TASK MATERIAL:
------------------------------

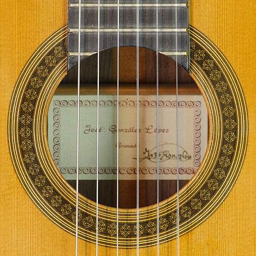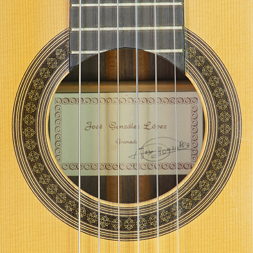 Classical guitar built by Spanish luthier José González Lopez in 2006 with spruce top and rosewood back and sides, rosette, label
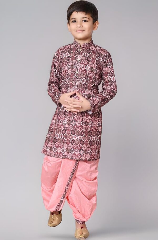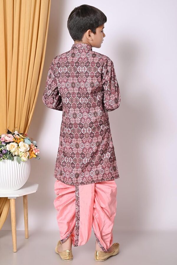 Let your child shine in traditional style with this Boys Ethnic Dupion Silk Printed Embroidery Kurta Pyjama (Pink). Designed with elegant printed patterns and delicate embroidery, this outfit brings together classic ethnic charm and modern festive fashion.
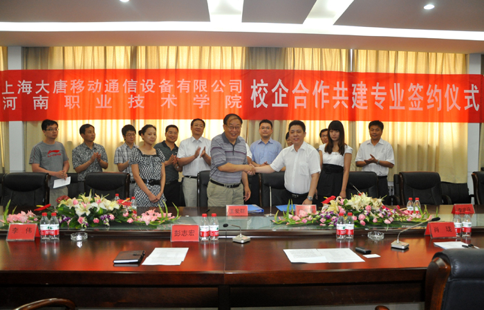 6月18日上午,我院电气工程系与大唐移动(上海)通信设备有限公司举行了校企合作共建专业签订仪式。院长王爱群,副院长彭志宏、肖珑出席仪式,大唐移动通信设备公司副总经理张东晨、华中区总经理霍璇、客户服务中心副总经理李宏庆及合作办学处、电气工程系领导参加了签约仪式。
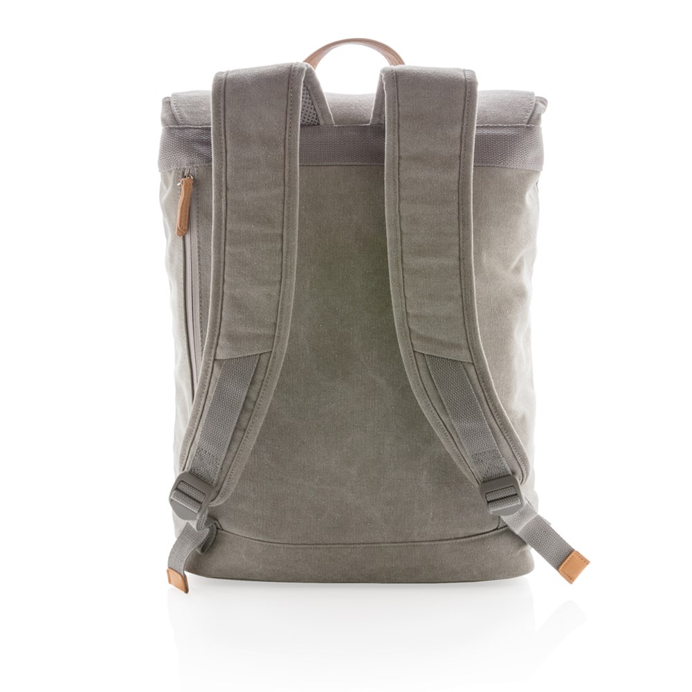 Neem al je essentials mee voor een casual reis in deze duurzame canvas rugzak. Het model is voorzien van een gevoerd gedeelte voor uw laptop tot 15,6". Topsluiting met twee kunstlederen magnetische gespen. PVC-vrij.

------------------------------

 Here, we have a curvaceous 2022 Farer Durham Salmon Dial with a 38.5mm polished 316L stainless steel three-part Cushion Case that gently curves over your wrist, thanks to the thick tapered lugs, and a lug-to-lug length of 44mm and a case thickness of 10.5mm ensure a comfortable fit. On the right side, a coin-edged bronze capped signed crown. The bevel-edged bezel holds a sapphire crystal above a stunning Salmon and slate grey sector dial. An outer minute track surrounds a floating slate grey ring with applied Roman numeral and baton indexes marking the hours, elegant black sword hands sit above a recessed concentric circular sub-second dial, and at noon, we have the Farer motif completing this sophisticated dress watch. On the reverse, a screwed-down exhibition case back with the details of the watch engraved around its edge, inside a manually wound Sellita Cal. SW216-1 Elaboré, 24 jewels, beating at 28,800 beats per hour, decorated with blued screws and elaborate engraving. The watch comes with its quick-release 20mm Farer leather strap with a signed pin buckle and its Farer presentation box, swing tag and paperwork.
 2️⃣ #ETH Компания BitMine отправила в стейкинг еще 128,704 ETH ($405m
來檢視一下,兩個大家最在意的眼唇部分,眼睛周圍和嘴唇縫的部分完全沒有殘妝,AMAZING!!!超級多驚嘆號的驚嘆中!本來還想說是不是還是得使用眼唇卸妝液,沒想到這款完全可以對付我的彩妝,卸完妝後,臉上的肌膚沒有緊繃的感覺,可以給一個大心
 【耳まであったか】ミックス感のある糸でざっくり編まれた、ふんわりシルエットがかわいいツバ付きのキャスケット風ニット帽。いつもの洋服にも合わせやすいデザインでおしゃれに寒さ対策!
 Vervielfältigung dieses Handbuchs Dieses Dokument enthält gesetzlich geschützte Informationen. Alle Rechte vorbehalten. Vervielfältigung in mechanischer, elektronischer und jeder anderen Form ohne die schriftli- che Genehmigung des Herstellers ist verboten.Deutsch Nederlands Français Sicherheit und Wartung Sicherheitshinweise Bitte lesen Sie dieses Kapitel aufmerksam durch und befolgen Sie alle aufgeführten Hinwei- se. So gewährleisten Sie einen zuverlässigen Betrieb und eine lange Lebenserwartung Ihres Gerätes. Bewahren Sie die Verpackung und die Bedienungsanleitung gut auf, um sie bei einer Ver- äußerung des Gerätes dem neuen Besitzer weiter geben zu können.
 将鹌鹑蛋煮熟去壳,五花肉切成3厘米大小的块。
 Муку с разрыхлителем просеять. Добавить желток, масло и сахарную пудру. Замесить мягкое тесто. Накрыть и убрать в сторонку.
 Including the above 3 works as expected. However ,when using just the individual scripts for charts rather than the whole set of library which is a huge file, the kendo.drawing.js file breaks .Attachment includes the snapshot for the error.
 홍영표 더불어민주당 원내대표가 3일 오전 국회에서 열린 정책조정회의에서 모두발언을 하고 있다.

------------------------------

WHAT IS EXPECTED: Please repeat the lines of the material above exactly, starting with the line that contains "Classical guitar built" and ending with the line that contains "Neem al je essentials". Leave the pictures out.

OUTPUT BELOW:
 Classical guitar built by Spanish luthier José González Lopez in 2006 with spruce top and rosewood back and sides, rosette, label
 Let your child shine in traditional style with this Boys Ethnic Dupion Silk Printed Embroidery Kurta Pyjama (Pink). Designed with elegant printed patterns and delicate embroidery, this outfit brings together classic ethnic charm and modern festive fashion.
 6月18日上午,我院电气工程系与大唐移动(上海)通信设备有限公司举行了校企合作共建专业签订仪式。院长王爱群,副院长彭志宏、肖珑出席仪式,大唐移动通信设备公司副总经理张东晨、华中区总经理霍璇、客户服务中心副总经理李宏庆及合作办学处、电气工程系领导参加了签约仪式。
 Neem al je essentials mee voor een casual reis in deze duurzame canvas rugzak. Het model is voorzien van een gevoerd gedeelte voor uw laptop tot 15,6". Topsluiting met twee kunstlederen magnetische gespen. PVC-vrij.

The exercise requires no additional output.